**The task**
Your task is to give the listing below back word for word, pictures excluded.

**Dataset records**
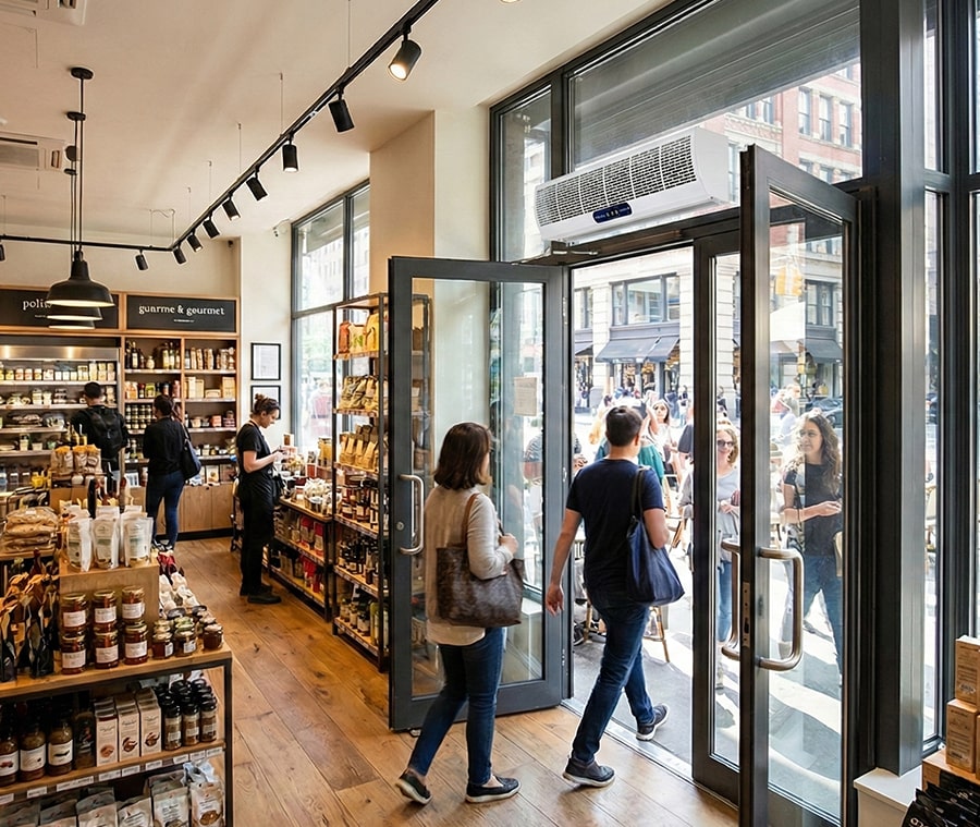 Em estabelecimentos comerciais, como shoppings, lojas e restaurantes, a cortina de ar proporciona um ambiente mais agradável, silencioso e confortável para os clientes, impactando diretamente na percepção de qualidade do espaço.
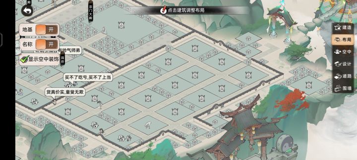 作为苦逼零氪宗主上不了进度,闲来无事发现门中很乱就布局了一下。在这里给各宗门宗主分享。布局很简单把建筑摆上,剩下的空格您喜欢什么就摆什么,如您喜欢我的布局并且还用上了,是我的荣幸。如我有新的布局会分享到评论区,也很欢迎各位宗主能分享自己的布局。说不定我也会用上您的嘿嘿嘿
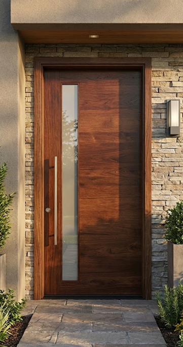 Sleek and contemporary design, featuring a rich, dark wood finish that exudes elegance and sophistication. Its standout feature is the vertical frosted glass panel on the left side, which adds a modern touch while allowing natural light to filter through. This panel contrasts beautifully with the warm wood tones, creating a visually striking appearance.
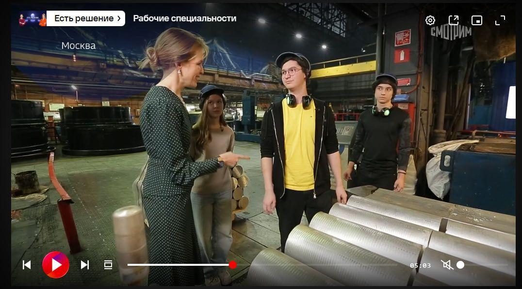 Марина Громова пообщалась с участниками экскурсии, которая в этот момент проходила на «Москабельмет», — учащимися 10-го инженерного класса ГБОУ Школа 547. Такие экскурсии для профильных классов — часть системной работы предприятия по профессиональной подготовке молодых специалистов.«Москабельмет» в сюжете о кадровых вопросах на «Россия 24» https://ruscable.ru/link/SHk6385 В эфир телеканала «Россия 24» вышла программа «Есть решение» с участием «Москабельмет». Выпуск посвящен актуальным кадровым вопросам, включая ситуацию на рынке труда, выбор рабочих профессий и трудоустройство молодых специалистов. Съемочную группу телеканала, приехавшую на предприятие, возглавила ведущая выпуска Марина Громова. Марина уже более 10 лет работает на ВГТРК, является корреспондентом правительственного пула, дважды лауреат премии Мэра Москвы в области журналистики. Марина Громова пообщалась с участниками экскурсии, которая в этот момент проходила на «Москабельмет», — учащимися 10-го инженерного класса ГБОУ Школа 547. Такие экскурсии для профильных классов — часть системной работы предприятия по профессиональной подготовке молодых специалистов.0 Комментарии 0 Поделились 12 Просмотры3
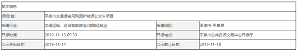 - 广西贵港市公交公司购置100辆新能源公交车项目中标公告
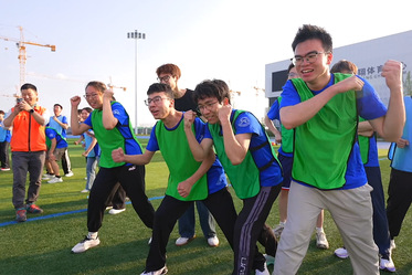 开场环节气氛热烈,师生们混合组成5支参赛队伍。各队在破冰环节集思广益,制定出创意十足的队名和响亮的口号。随后,全体人员跟着教练进行热身,通过团队协作完成指定动作,现场欢声笑语不断。

**Answer for the task**
 Em estabelecimentos comerciais, como shoppings, lojas e restaurantes, a cortina de ar proporciona um ambiente mais agradável, silencioso e confortável para os clientes, impactando diretamente na percepção de qualidade do espaço.
 作为苦逼零氪宗主上不了进度,闲来无事发现门中很乱就布局了一下。在这里给各宗门宗主分享。布局很简单把建筑摆上,剩下的空格您喜欢什么就摆什么,如您喜欢我的布局并且还用上了,是我的荣幸。如我有新的布局会分享到评论区,也很欢迎各位宗主能分享自己的布局。说不定我也会用上您的嘿嘿嘿
 Sleek and contemporary design, featuring a rich, dark wood finish that exudes elegance and sophistication. Its standout feature is the vertical frosted glass panel on the left side, which adds a modern touch while allowing natural light to filter through. This panel contrasts beautifully with the warm wood tones, creating a visually striking appearance.
 Марина Громова пообщалась с участниками экскурсии, которая в этот момент проходила на «Москабельмет», — учащимися 10-го инженерного класса ГБОУ Школа 547. Такие экскурсии для профильных классов — часть системной работы предприятия по профессиональной подготовке молодых специалистов.«Москабельмет» в сюжете о кадровых вопросах на «Россия 24» https://ruscable.ru/link/SHk6385 В эфир телеканала «Россия 24» вышла программа «Есть решение» с участием «Москабельмет». Выпуск посвящен актуальным кадровым вопросам, включая ситуацию на рынке труда, выбор рабочих профессий и трудоустройство молодых специалистов. Съемочную группу телеканала, приехавшую на предприятие, возглавила ведущая выпуска Марина Громова. Марина уже более 10 лет работает на ВГТРК, является корреспондентом правительственного пула, дважды лауреат премии Мэра Москвы в области журналистики. Марина Громова пообщалась с участниками экскурсии, которая в этот момент проходила на «Москабельмет», — учащимися 10-го инженерного класса ГБОУ Школа 547. Такие экскурсии для профильных классов — часть системной работы предприятия по профессиональной подготовке молодых специалистов.0 Комментарии 0 Поделились 12 Просмотры3
 - 广西贵港市公交公司购置100辆新能源公交车项目中标公告
 开场环节气氛热烈,师生们混合组成5支参赛队伍。各队在破冰环节集思广益,制定出创意十足的队名和响亮的口号。随后,全体人员跟着教练进行热身,通过团队协作完成指定动作,现场欢声笑语不断。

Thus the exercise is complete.